# Log calculator

In mathematics and other exact sciences, logarithms are widely used - functions that are the inverse of raising to a power. For example, the logarithm of 10 of 1000 is equal to 3, since to obtain a thousand, 10 must be cubed, and the logarithm of 2 of 16 is equal to 4, since 16 is 2 to the fourth power.

Logarithms greatly simplify complex mathematical calculations, since they can be used to express exponentiation and root extraction as multiplication and division by the exponent.

In addition to logarithms, their inverse functions are also used in the exact sciences - antilogarithms, or “inverse logarithms”. The antilogarithm of x is the result of potentiation, or a number whose logarithm is equal to x.

Logarithms are denoted in formulas as log, and antilogarithms are denoted as ant log. These designations can be found not only in logarithmic tables, but also on the keyboards of engineering calculators. But today, to calculate these functions, special online calculators are more often used - much more convenient and accessible.

## The history of logarithms

Although the logarithmic function was invented much later, the prerequisites for its appearance were traced back to Antiquity. For example, the ancient Greek scientist Archimedes in the 3rd century BC established a connection between arithmetic and geometric progression, and investigated the properties of powers with natural exponents.

But tables of integer exponents (for bases 2, 3 and 4), which can be called logarithms in their modern sense, were obtained only in the 8th century - by the Indian scientist Virasena.

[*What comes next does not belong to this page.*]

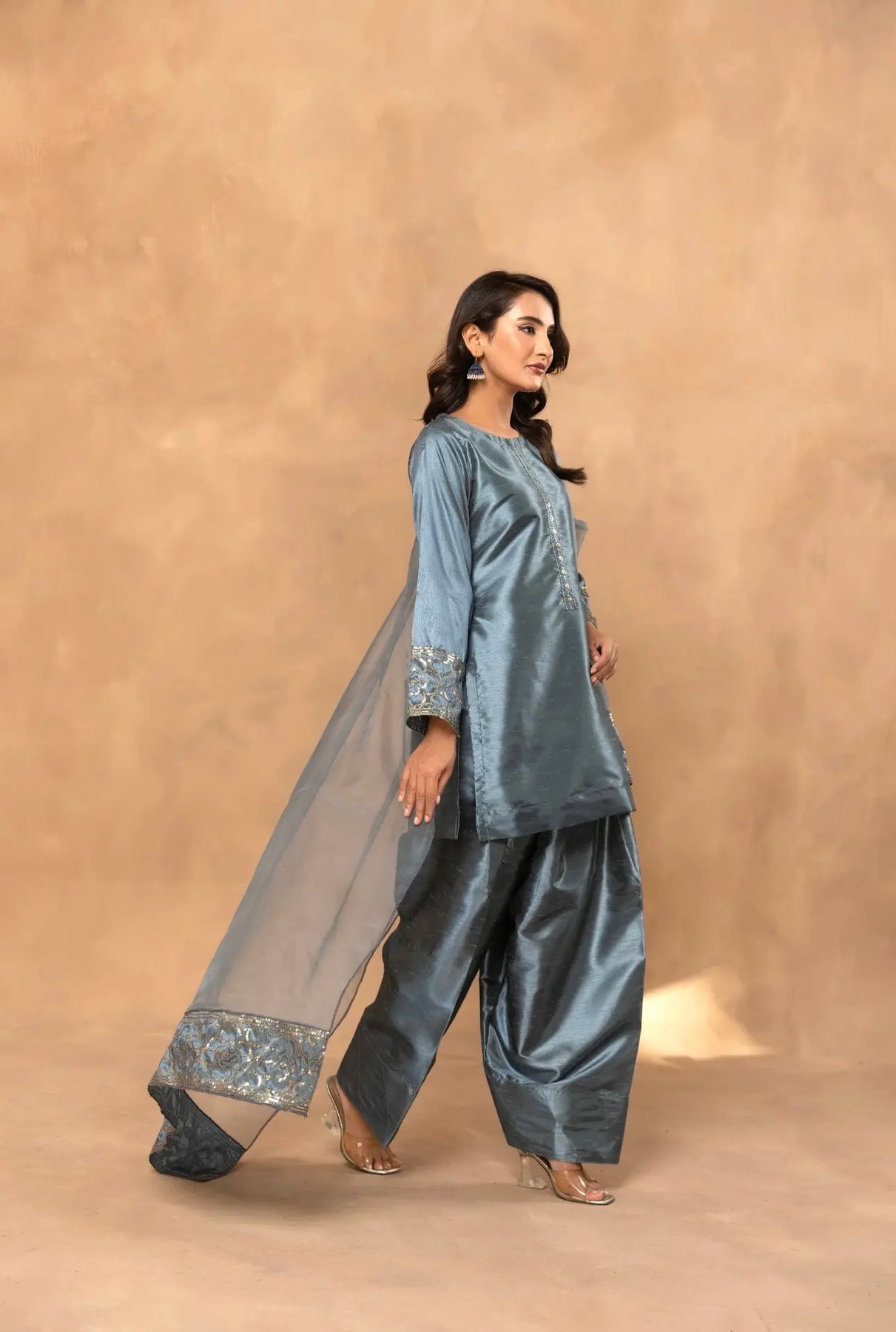 Turn heads this season in our luxuriously embroidered raw silk ensemble, paired with the most sought-after farshi shalwar trend straight from the runways!

As astronomy and navigation developed, an increasingly urgent need arose to simplify complex mathematical calculations: multiplying and dividing multi-digit numbers, extracting roots, raising to powers.

In 1544, the German scientist Michael Stiefel took a decisive step in this direction by compiling a logarithmic table that was later named after him. The idea of comparing arithmetic and geometric progressions using tables was described by Stiefel in the book Arithmetica integra, and formed the basis for subsequent works by Nikolai Oresme and Nicola Chuquet.

In addition to them, the Scottish mathematician John Napier studied logarithms, who published Mirifici Logarithmorum Canonis Descriptio in Latin in 1614. This work described not only the properties of the logarithmic function, but also eight-digit tables of logarithms of sines, cosines and tangents. According to one version, it was Knepper who approved the name “logarithm”, which since the 17th century has become the only one and has no alternative.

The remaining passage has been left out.